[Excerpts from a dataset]
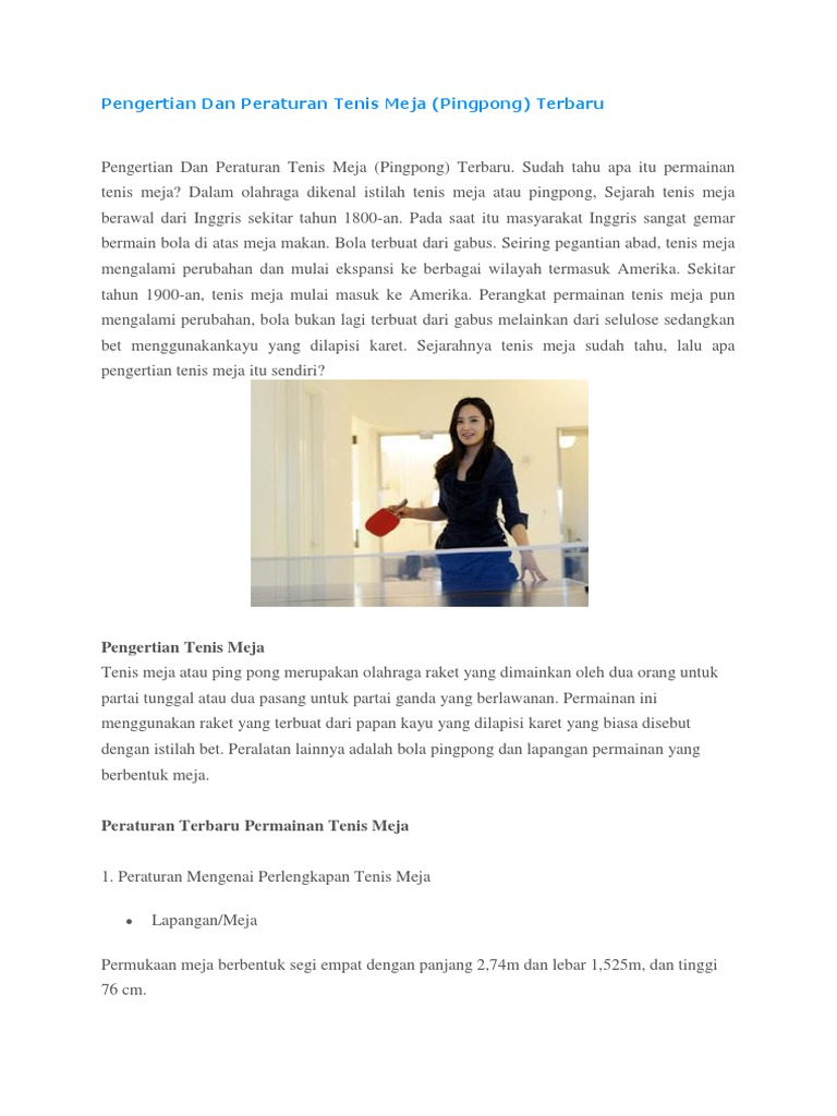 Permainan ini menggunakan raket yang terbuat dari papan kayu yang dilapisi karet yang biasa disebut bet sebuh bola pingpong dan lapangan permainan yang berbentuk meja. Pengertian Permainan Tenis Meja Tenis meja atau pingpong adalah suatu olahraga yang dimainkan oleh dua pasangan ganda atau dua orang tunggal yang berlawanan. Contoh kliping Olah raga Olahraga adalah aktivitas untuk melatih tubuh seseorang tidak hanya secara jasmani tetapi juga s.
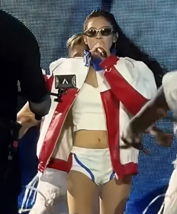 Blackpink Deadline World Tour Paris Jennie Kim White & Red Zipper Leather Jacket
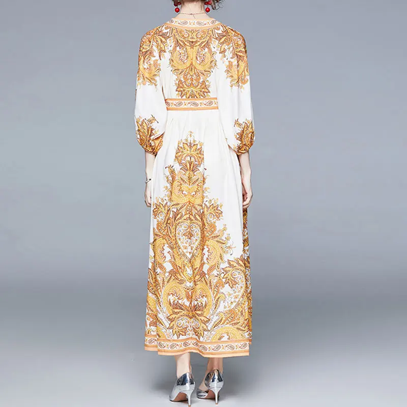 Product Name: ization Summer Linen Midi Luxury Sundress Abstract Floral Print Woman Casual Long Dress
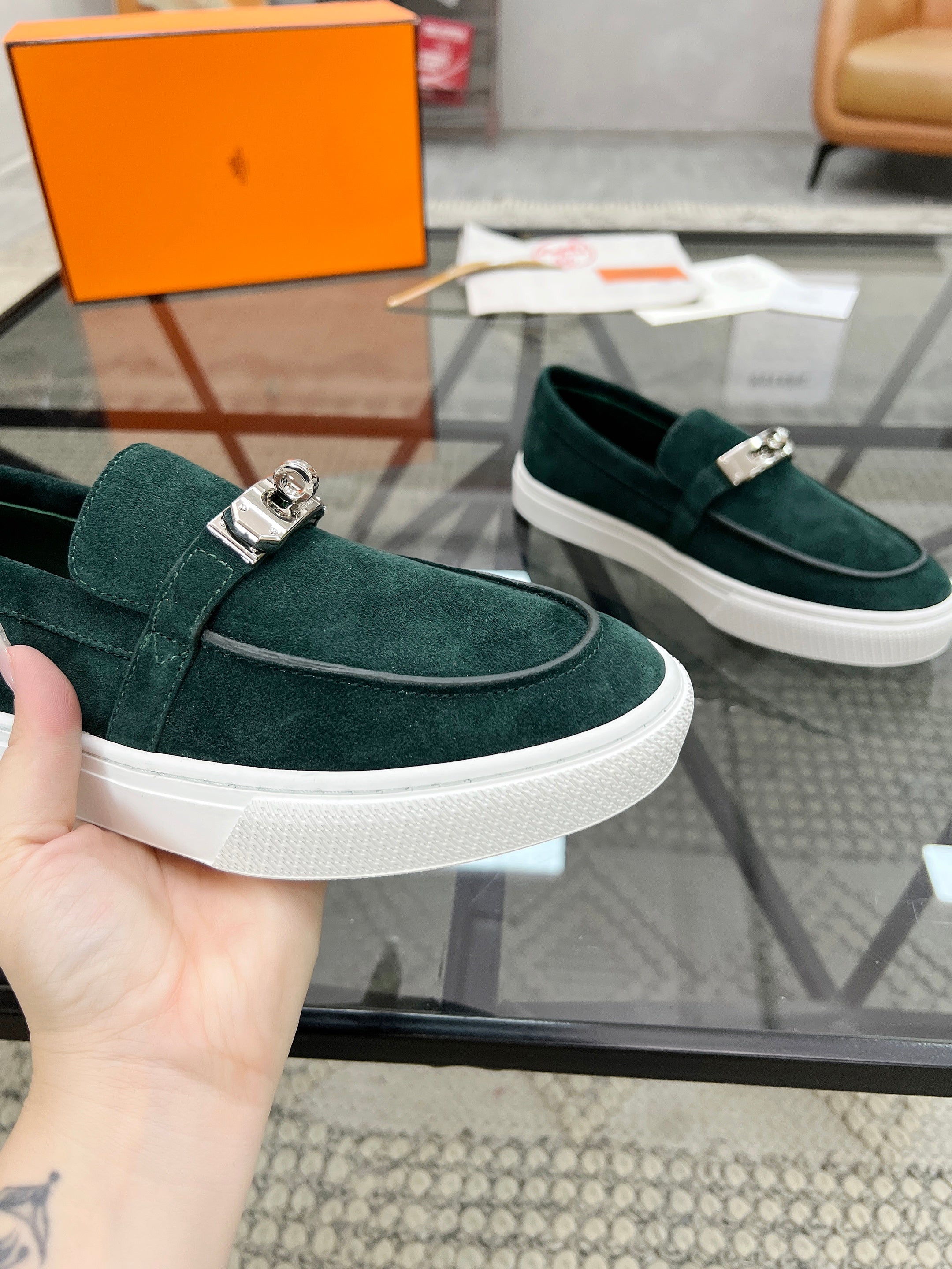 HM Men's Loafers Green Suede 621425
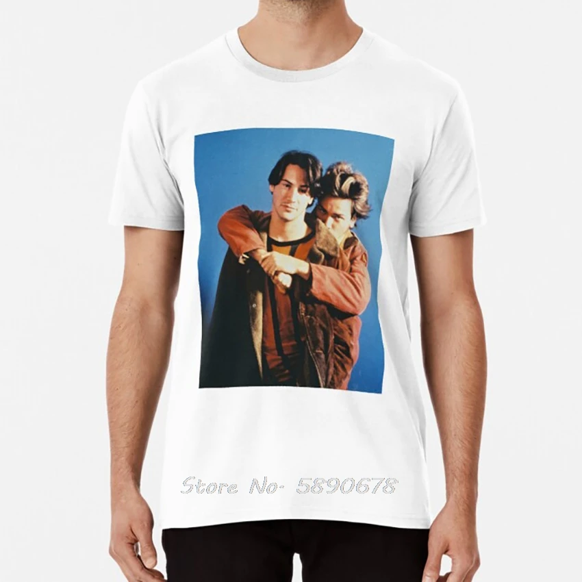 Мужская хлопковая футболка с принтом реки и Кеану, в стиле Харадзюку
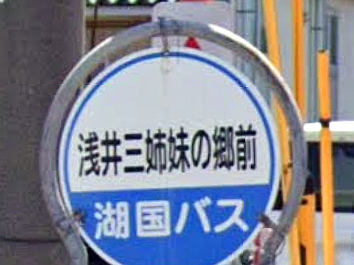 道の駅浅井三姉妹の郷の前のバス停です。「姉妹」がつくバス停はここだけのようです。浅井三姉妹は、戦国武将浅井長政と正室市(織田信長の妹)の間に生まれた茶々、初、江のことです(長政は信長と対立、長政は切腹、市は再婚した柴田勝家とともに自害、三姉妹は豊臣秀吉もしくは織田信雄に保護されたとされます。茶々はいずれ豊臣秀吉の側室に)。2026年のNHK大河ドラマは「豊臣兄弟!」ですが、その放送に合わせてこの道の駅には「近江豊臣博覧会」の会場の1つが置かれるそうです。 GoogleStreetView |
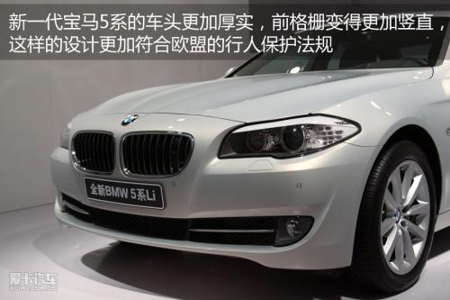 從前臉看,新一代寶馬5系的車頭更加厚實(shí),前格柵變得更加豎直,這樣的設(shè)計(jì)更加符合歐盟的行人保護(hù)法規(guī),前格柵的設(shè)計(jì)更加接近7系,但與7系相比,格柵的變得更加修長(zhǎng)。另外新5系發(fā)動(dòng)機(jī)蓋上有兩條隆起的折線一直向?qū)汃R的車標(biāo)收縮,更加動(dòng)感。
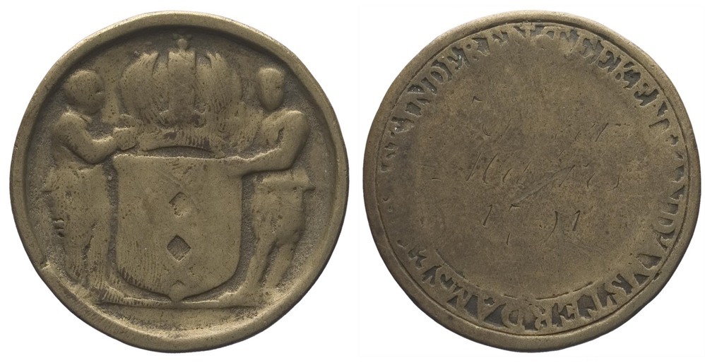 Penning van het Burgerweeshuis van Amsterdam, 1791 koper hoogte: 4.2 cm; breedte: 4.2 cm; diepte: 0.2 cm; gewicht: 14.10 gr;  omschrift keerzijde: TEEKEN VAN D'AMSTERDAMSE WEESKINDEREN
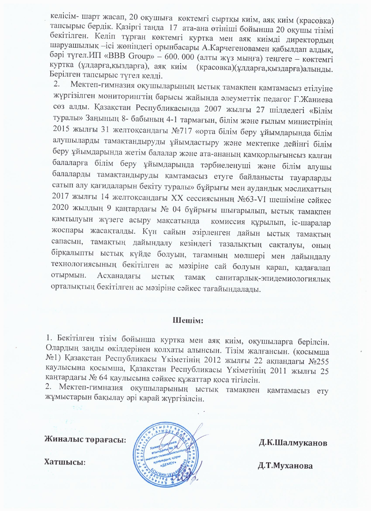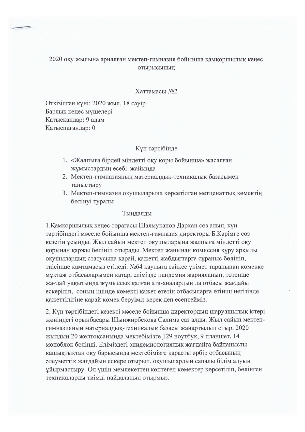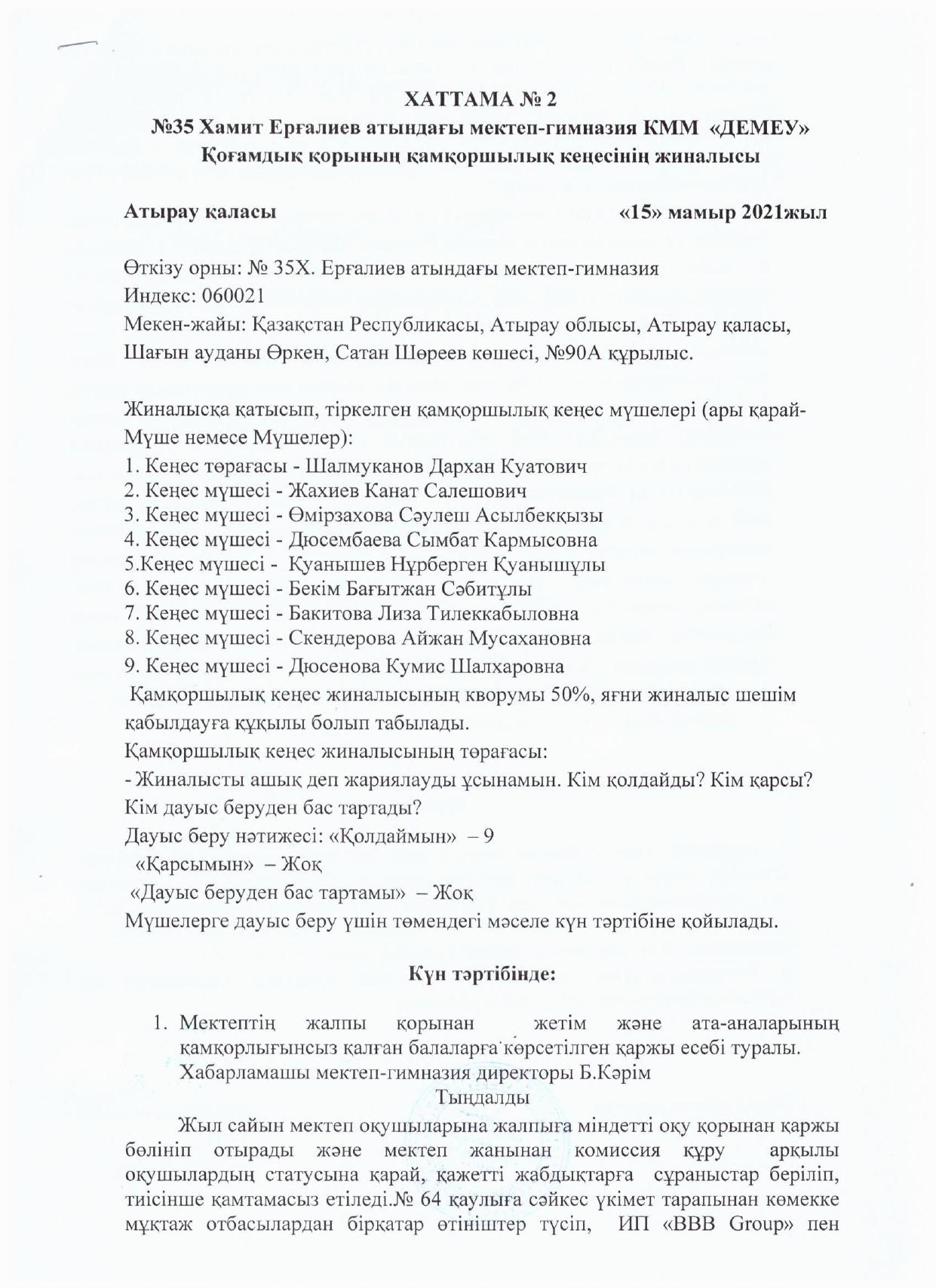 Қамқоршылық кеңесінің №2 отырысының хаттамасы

> _Work to be completed_
Your task is a word-for-word transcription of the entries, leaving out all pictures.

> _Task answer_
 Permainan ini menggunakan raket yang terbuat dari papan kayu yang dilapisi karet yang biasa disebut bet sebuh bola pingpong dan lapangan permainan yang berbentuk meja. Pengertian Permainan Tenis Meja Tenis meja atau pingpong adalah suatu olahraga yang dimainkan oleh dua pasangan ganda atau dua orang tunggal yang berlawanan. Contoh kliping Olah raga Olahraga adalah aktivitas untuk melatih tubuh seseorang tidak hanya secara jasmani tetapi juga s.
 Blackpink Deadline World Tour Paris Jennie Kim White & Red Zipper Leather Jacket
 Product Name: ization Summer Linen Midi Luxury Sundress Abstract Floral Print Woman Casual Long Dress
 HM Men's Loafers Green Suede 621425
 Мужская хлопковая футболка с принтом реки и Кеану, в стиле Харадзюку
 道の駅浅井三姉妹の郷の前のバス停です。「姉妹」がつくバス停はここだけのようです。浅井三姉妹は、戦国武将浅井長政と正室市(織田信長の妹)の間に生まれた茶々、初、江のことです(長政は信長と対立、長政は切腹、市は再婚した柴田勝家とともに自害、三姉妹は豊臣秀吉もしくは織田信雄に保護されたとされます。茶々はいずれ豊臣秀吉の側室に)。2026年のNHK大河ドラマは「豊臣兄弟!」ですが、その放送に合わせてこの道の駅には「近江豊臣博覧会」の会場の1つが置かれるそうです。 GoogleStreetView |
 從前臉看,新一代寶馬5系的車頭更加厚實(shí),前格柵變得更加豎直,這樣的設(shè)計(jì)更加符合歐盟的行人保護(hù)法規(guī),前格柵的設(shè)計(jì)更加接近7系,但與7系相比,格柵的變得更加修長(zhǎng)。另外新5系發(fā)動(dòng)機(jī)蓋上有兩條隆起的折線一直向?qū)汃R的車標(biāo)收縮,更加動(dòng)感。
 Penning van het Burgerweeshuis van Amsterdam, 1791 koper hoogte: 4.2 cm; breedte: 4.2 cm; diepte: 0.2 cm; gewicht: 14.10 gr;  omschrift keerzijde: TEEKEN VAN D'AMSTERDAMSE WEESKINDEREN
 Қамқоршылық кеңесінің №2 отырысының хаттамасы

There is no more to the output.